Assignment = What you print should match the entries exactly, only without the pictures.

══════

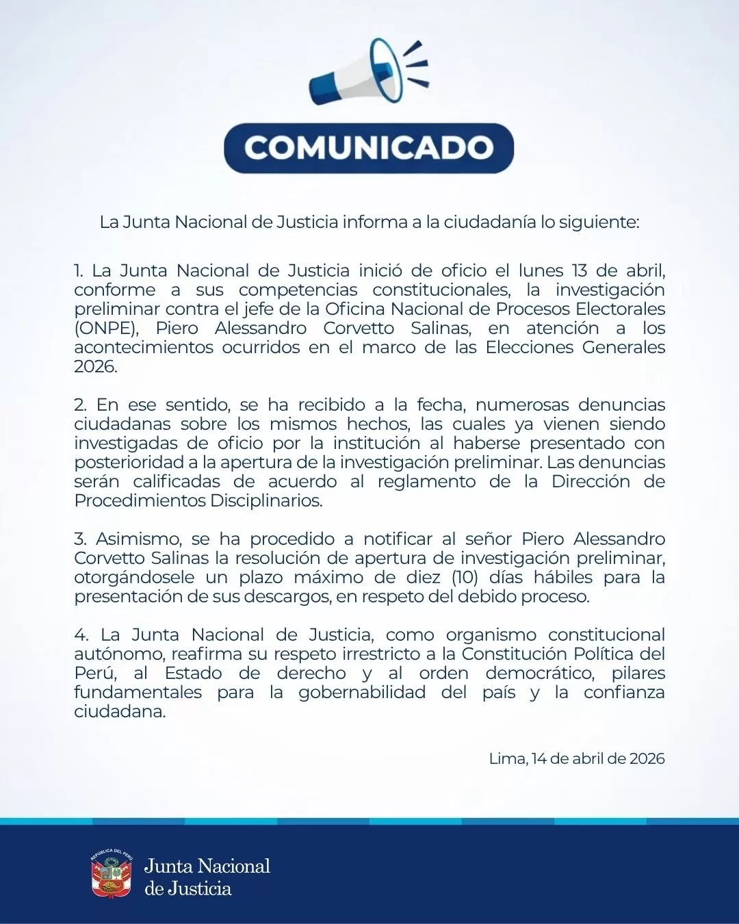 La Junta Nacional de Justicia reafirmó su respeto irrestricto a la Constitución Política del Perú y a los pilares de la gobernabilidad. El proceso contra Piero Corvetto continuará con la revisión de los descargos que el jefe de la ONPE presente dentro del plazo máximo establecido de diez días.
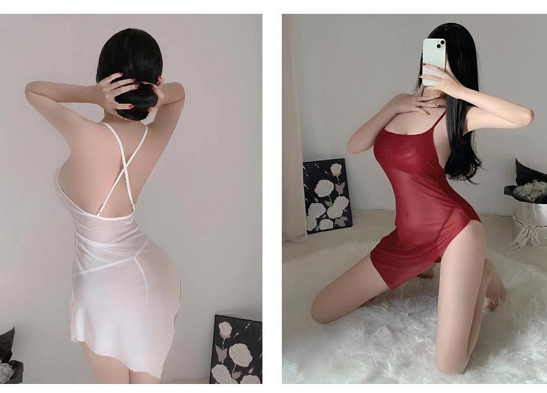Lencería sexy, camisón con tirantes, transparente, fino, sin mangas, pijama, pasión, pecho pequeño, uniforme de una pieza, entrega
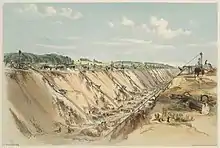 Sonning Cutting déblais de Sonning »). Des ouvriers réparent les contreforts du déblais. JC Bourne, publié en 1846.
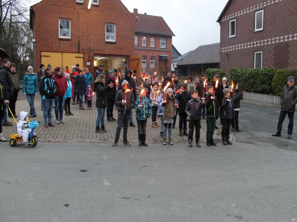 Die Kinder beim Aufstellen zum Fackelzug am Feuerwehrhaus. |
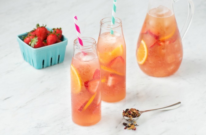 - Infuse hot water with tea for 4 to 7 minutes; strain and cool to room temperature. Add steeped tea, prosecco, orange juice, strawberries, orange slices, and ice to glass pitcher (or glass milk bottle); stir to combine. Pour into 4 glasses.
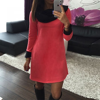 Fashion Contrast Color Long Sleeve Cowl Neck Slim Fit Dress

══════

Answer =
 La Junta Nacional de Justicia reafirmó su respeto irrestricto a la Constitución Política del Perú y a los pilares de la gobernabilidad. El proceso contra Piero Corvetto continuará con la revisión de los descargos que el jefe de la ONPE presente dentro del plazo máximo establecido de diez días.
Lencería sexy, camisón con tirantes, transparente, fino, sin mangas, pijama, pasión, pecho pequeño, uniforme de una pieza, entrega
 Sonning Cutting déblais de Sonning »). Des ouvriers réparent les contreforts du déblais. JC Bourne, publié en 1846.
 Die Kinder beim Aufstellen zum Fackelzug am Feuerwehrhaus. |
 - Infuse hot water with tea for 4 to 7 minutes; strain and cool to room temperature. Add steeped tea, prosecco, orange juice, strawberries, orange slices, and ice to glass pitcher (or glass milk bottle); stir to combine. Pour into 4 glasses.
 Fashion Contrast Color Long Sleeve Cowl Neck Slim Fit Dress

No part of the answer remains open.